=== WHAT THE TASK REQUIRES ===
Only one stretch of the listing below is wanted. Begin at the line that has "Jammie Seay House", stop after the line that has "节日,传统,传统节日,中国,插图,中秋,中秋节,背景,满月,礼物", and repeat every line in between exactly.

=== SUPPLIED RECORDS ===
------------------------------------
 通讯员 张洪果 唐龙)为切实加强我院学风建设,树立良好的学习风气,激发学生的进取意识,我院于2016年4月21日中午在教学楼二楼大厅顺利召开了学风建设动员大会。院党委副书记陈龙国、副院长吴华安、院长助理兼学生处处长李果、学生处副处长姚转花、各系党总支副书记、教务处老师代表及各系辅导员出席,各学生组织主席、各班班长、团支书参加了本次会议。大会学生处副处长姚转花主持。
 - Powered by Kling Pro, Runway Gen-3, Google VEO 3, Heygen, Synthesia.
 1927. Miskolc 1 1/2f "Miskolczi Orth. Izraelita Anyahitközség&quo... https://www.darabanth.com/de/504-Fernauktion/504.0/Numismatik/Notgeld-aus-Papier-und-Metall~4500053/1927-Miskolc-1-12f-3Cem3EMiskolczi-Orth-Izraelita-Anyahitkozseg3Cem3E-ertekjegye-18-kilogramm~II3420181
------------------------------------
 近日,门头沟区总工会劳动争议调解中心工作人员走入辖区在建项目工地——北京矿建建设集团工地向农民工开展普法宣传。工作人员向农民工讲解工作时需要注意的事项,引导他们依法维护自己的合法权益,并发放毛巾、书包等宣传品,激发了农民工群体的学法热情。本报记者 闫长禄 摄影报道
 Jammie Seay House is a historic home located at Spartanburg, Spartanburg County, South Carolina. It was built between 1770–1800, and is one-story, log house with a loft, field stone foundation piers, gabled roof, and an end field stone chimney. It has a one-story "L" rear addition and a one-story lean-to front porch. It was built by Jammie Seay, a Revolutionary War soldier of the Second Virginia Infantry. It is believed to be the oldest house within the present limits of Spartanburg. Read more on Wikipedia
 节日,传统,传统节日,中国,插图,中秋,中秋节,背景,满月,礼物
------------------------------------
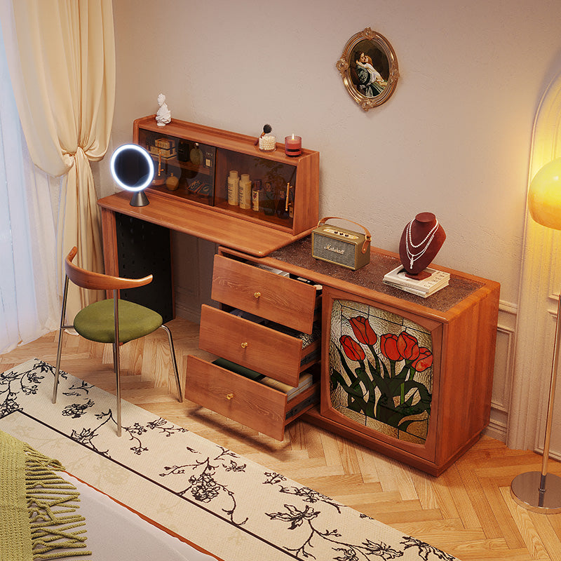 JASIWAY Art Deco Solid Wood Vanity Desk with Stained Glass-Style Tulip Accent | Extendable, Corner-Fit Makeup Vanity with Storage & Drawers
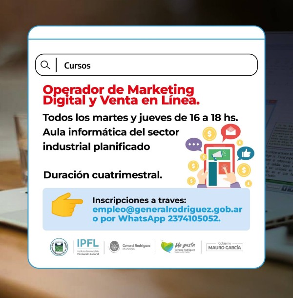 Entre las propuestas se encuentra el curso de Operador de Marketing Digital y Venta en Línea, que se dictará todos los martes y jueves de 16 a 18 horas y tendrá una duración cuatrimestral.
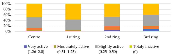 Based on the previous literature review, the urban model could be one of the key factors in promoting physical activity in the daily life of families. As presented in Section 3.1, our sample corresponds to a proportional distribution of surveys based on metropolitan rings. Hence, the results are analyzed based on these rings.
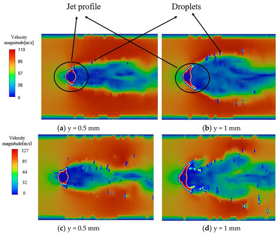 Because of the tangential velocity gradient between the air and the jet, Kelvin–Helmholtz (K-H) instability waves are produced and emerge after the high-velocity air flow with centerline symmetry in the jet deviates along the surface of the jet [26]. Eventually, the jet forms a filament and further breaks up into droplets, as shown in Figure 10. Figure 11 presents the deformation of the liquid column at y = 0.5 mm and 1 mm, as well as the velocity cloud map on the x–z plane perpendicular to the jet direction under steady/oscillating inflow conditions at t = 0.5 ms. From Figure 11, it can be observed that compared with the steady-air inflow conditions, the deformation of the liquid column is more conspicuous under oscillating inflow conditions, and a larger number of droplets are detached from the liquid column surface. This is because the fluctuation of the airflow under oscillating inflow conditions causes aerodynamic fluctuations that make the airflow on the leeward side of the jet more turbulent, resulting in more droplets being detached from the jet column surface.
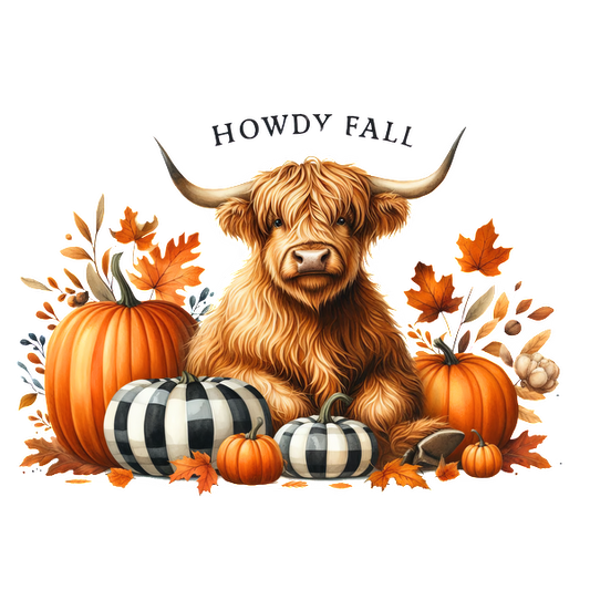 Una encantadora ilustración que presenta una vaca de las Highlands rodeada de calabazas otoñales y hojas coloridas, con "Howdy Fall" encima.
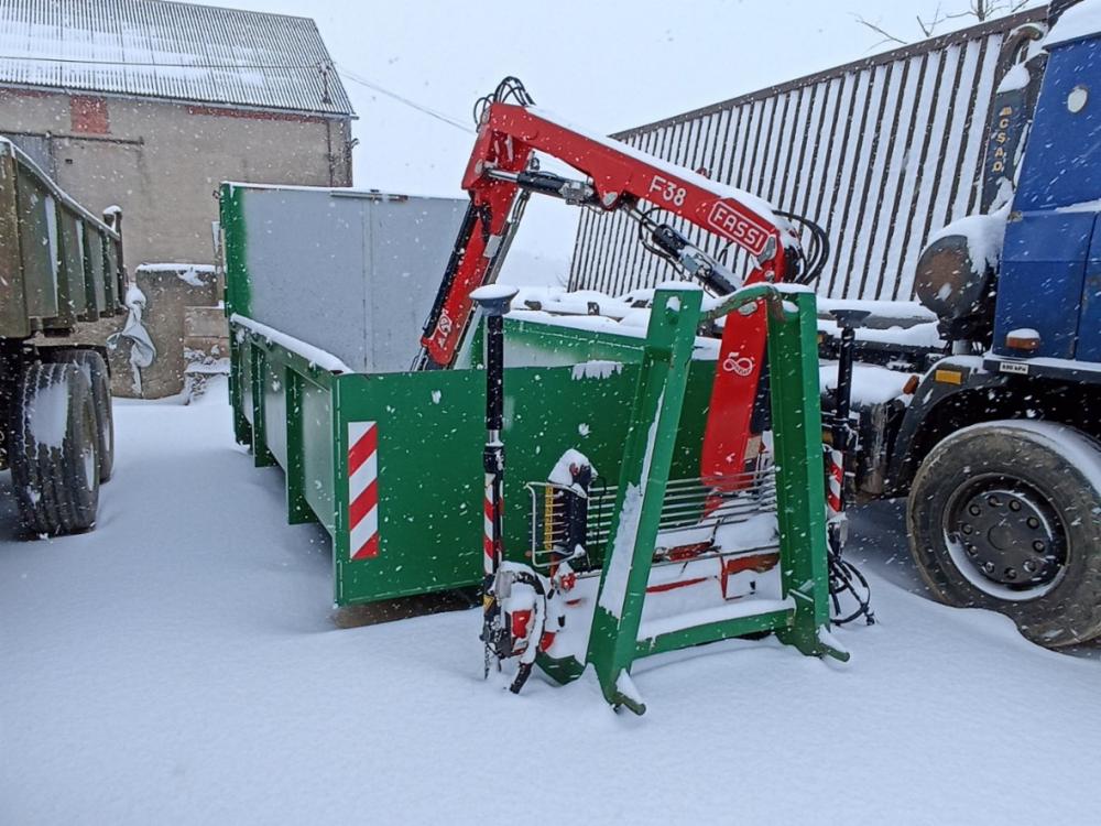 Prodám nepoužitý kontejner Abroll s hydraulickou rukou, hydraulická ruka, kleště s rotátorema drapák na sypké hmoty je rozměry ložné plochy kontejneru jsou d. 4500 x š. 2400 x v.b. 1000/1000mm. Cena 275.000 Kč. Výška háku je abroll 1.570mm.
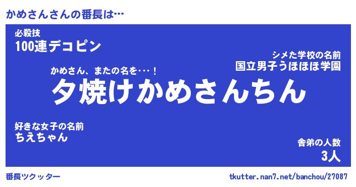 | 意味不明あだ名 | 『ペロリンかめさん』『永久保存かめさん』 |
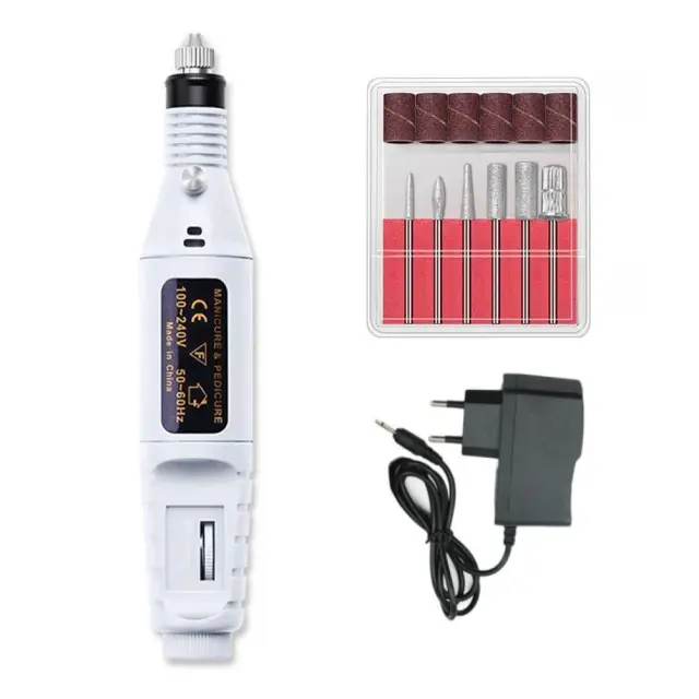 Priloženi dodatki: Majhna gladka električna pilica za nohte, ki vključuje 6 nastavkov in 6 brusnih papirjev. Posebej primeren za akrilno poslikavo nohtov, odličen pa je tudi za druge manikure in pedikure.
------------------------------------
=== RESULT ===
 Jammie Seay House is a historic home located at Spartanburg, Spartanburg County, South Carolina. It was built between 1770–1800, and is one-story, log house with a loft, field stone foundation piers, gabled roof, and an end field stone chimney. It has a one-story "L" rear addition and a one-story lean-to front porch. It was built by Jammie Seay, a Revolutionary War soldier of the Second Virginia Infantry. It is believed to be the oldest house within the present limits of Spartanburg. Read more on Wikipedia
 节日,传统,传统节日,中国,插图,中秋,中秋节,背景,满月,礼物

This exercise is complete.